Napoleon's Return to Italy and the Battle of Marengo

The remainder of the War of the Second Coalition can be divided into two campaigns – the Italian and the German, both of which were fought by the French against the Austrians. The Italian campaign had its roots in the success with which the Russian army had driven the French out of Italy in 1799 while Napoleon was in Egypt.
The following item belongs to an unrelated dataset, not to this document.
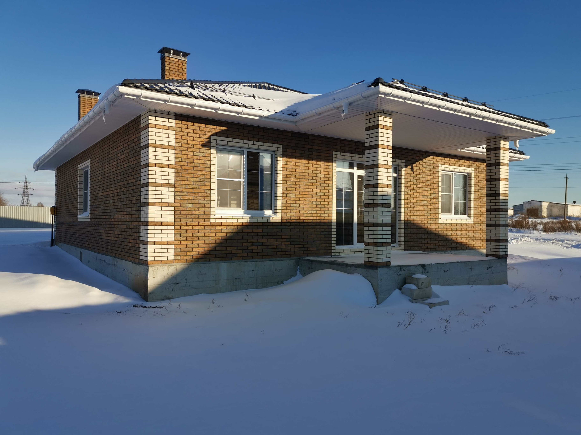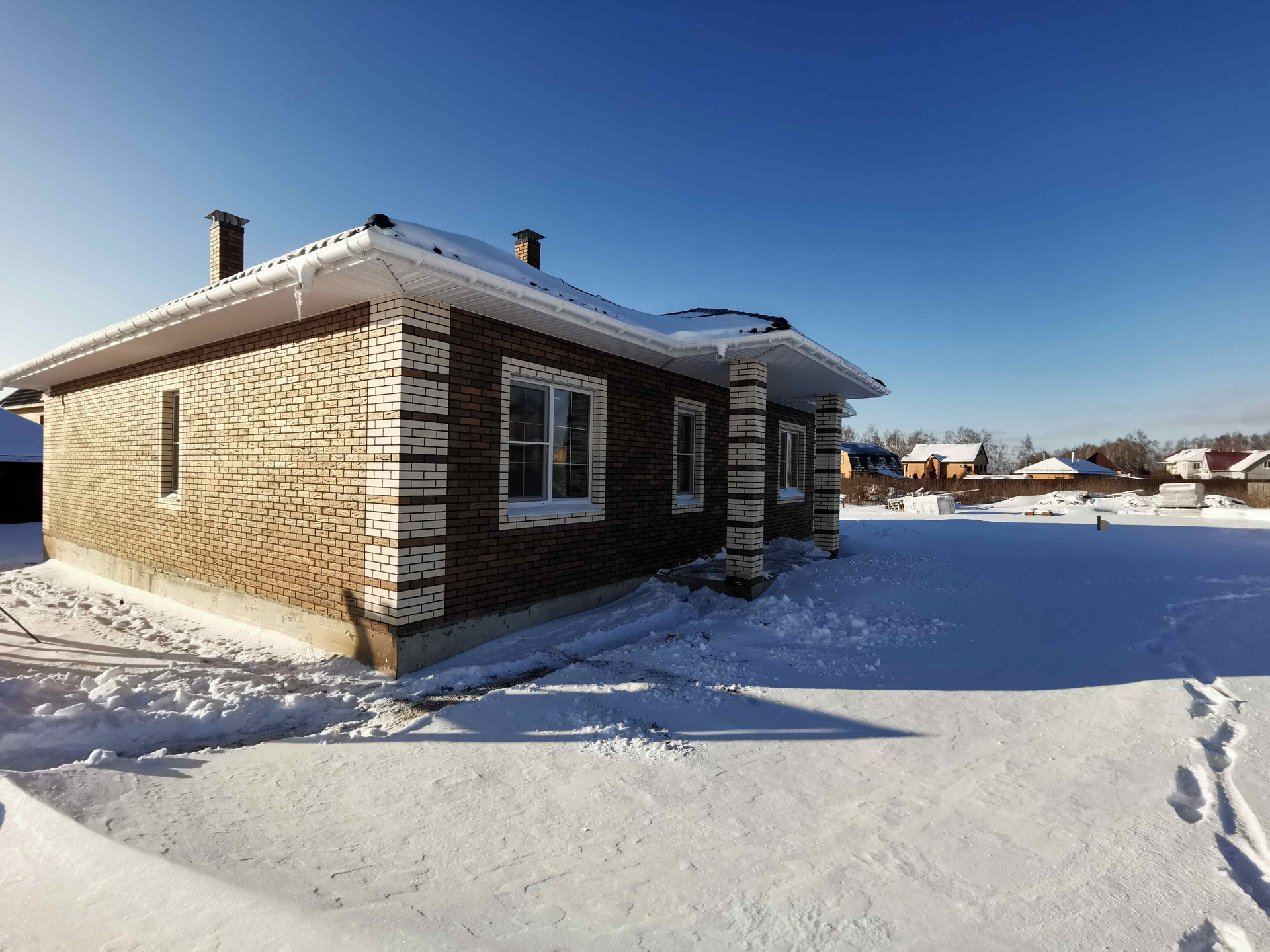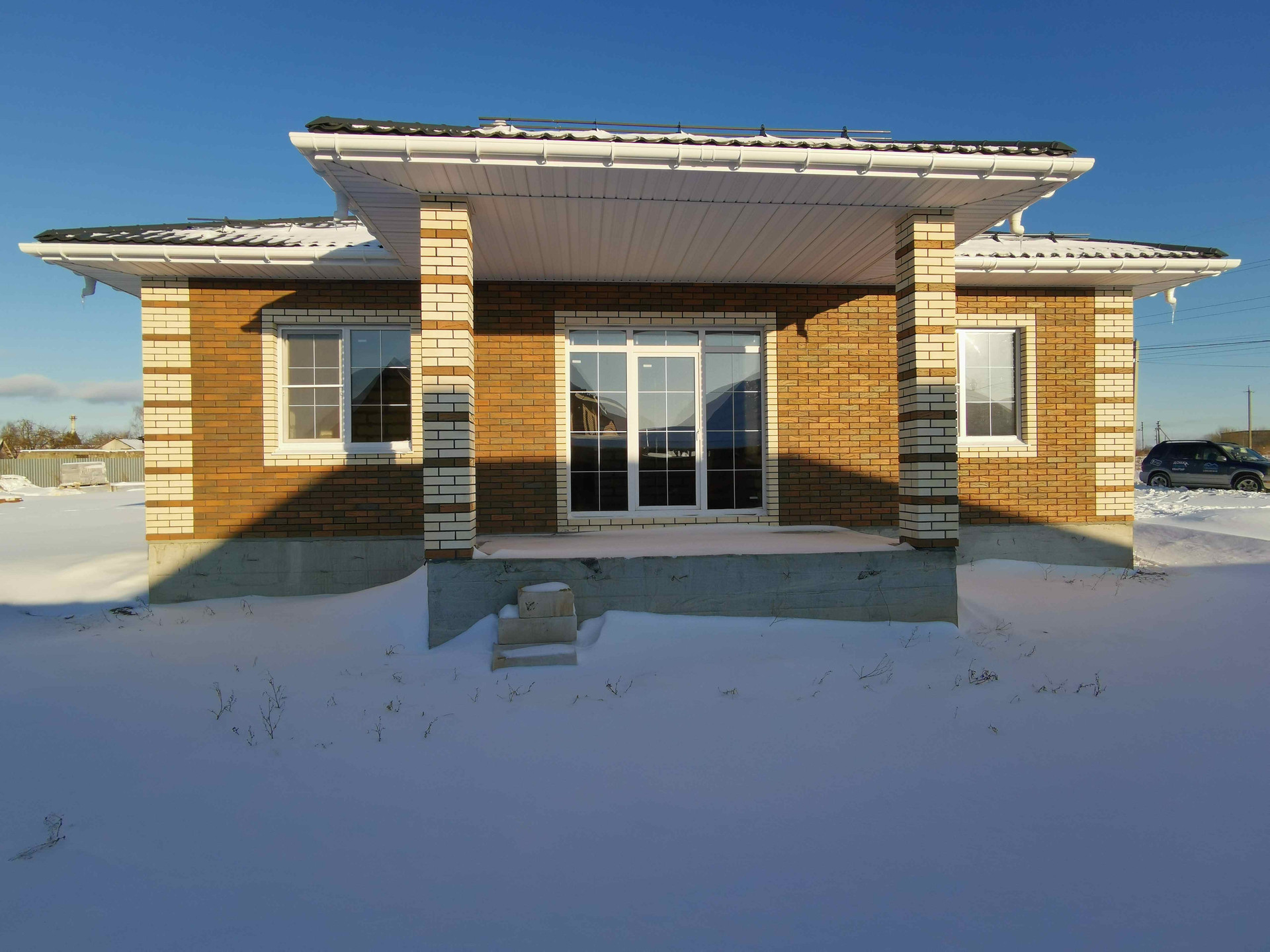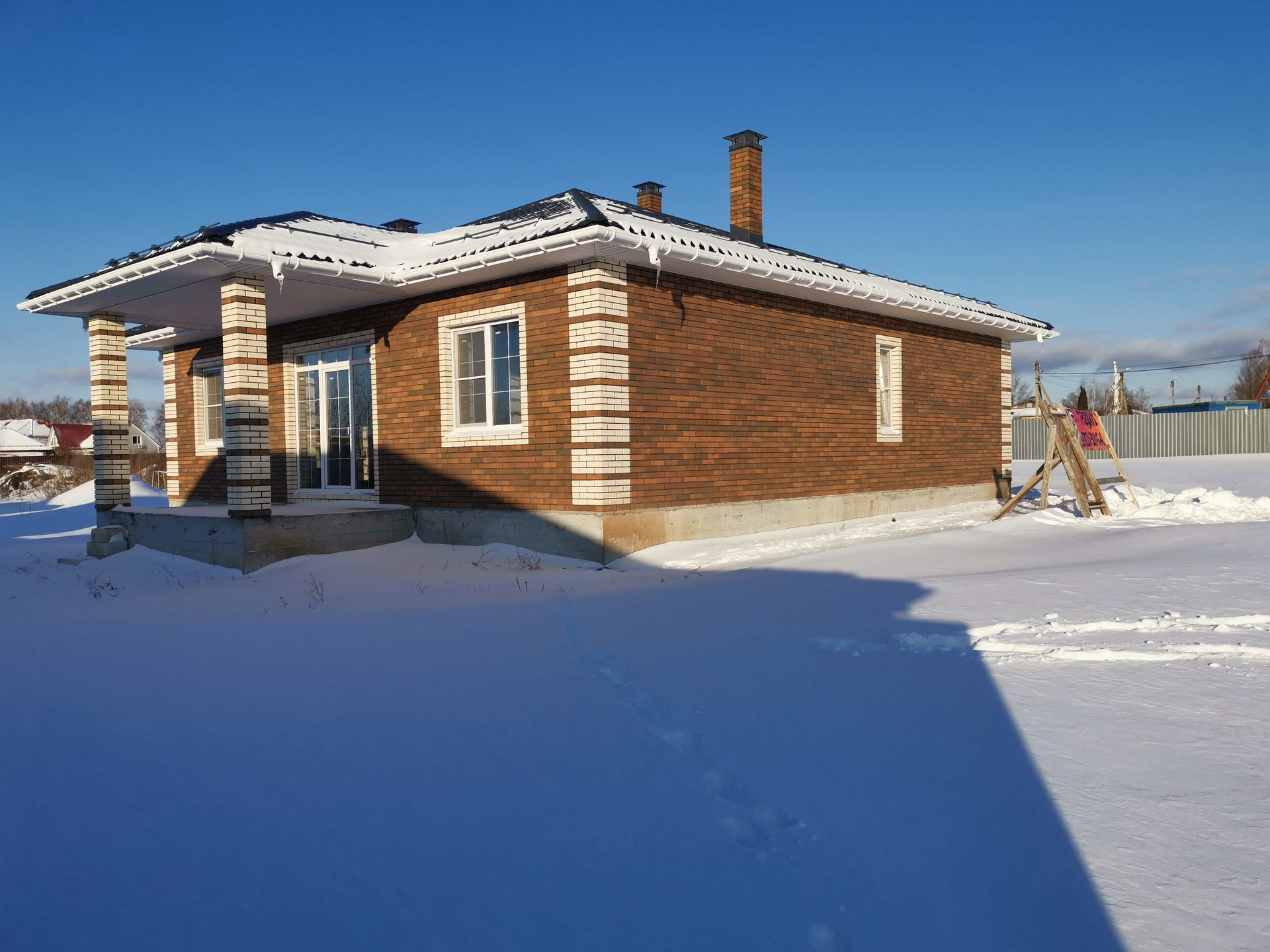 - Внешние стены из газоблока 375 мм, облицован кирпичем Braer.

In April 1800 the Austrian army under the command of General Melas attacked the French army at Genoa, effectively trapping them, as the French commanded by Massena were also being blockaded by the British navy. In order to rescue a large section of his army and preserve French control over Genoa, Napoleon decided to lead the Army of the Reserve over the Alps in order to attack the Austrian rear. He decided that the crossing should be made via the Saint-Bernard Pass, a risky choice considering the high altitudes and narrow paths that the army would have to navigate.

 

Between the 15th and the 21st of May 45,000 men and 6,000 cavalry made their way over the pass. By the end of the operation only 6 pieces of artillery had been successfully transported over the pass, the rest were engaged in trying to capture Fort Band, which the remainder of the army had been forced to bypass on the way.

 

Napoleon entered Milan on the 2nd of June, where he was met with muted enthusiasm. The Army of the Reserve had hoped to trap the Austrians between them and Massena (the French general at Genoa), but Napoleon’s plans were dashed when he learned that Massena had surrendered the city on the 4th June. He decided instead to attack as soon as possible, a decision which led to the Battle of Marengo.

Map of Northern Italy
(Author's Collection)

The Battle of Marengo was fought between 31,500 French soldiers and 34,000 Austrian, but although the numbers were reasonably even the Austrians had far more cavalry and cannon at their disposal. Poor preparation almost lost Napoleon the battle before it had even begun, as he wrongly believed that the Austrians were withdrawing, and so sent two divisions to block their path, reducing the number of French forces available to fight. In fact the Austrians were not withdrawing, and on the 14th of June they attacked. Napoleon believed that this was merely an action to disguise the Austrian defeat, and when he finally realised the truth urgently summoned the divisions back. Under the command of generals Desaix and Lapoype they returned just in time. Napoleon had successfully managed to protect his right flank, but the effort had used up all his reserve troops and his left flank remained in disorder. The French had almost lost the battle.

 

At 4pm, the Austrian general Melas left the battlefield to rest, leaving general Zach to what should have been a simple task of finishing off the French troops by marching a column of 6000 men through the centre of the battle, destroying the formation of Napoleon’s troops beyond recovery. However, at this point Desaix arrived behind the left French flank, providing reinforcements. The Austrians should still have been victorious, but a lucky shot by a French cannon caused several Austrian ammunition wagons to explode. General Kellermann then took advantage of the confusion to lead a French cavalry charge, while at the same time General Marmont gave the order to fire the cannon at the Austrian troops. The force of the French counter attack meant that by 6pm the previously dominant Austrians were forced into retreat.

 

The Battle of Marengo was by no means a decisive victory for the French, as the Austrians only lost 5,600 men and had 2,900 taken prisoner – a tiny fraction of their army. However, it successfully discouraged General Melas enough for him to request a suspension of arms and then sign an armistice over the summer of 1800.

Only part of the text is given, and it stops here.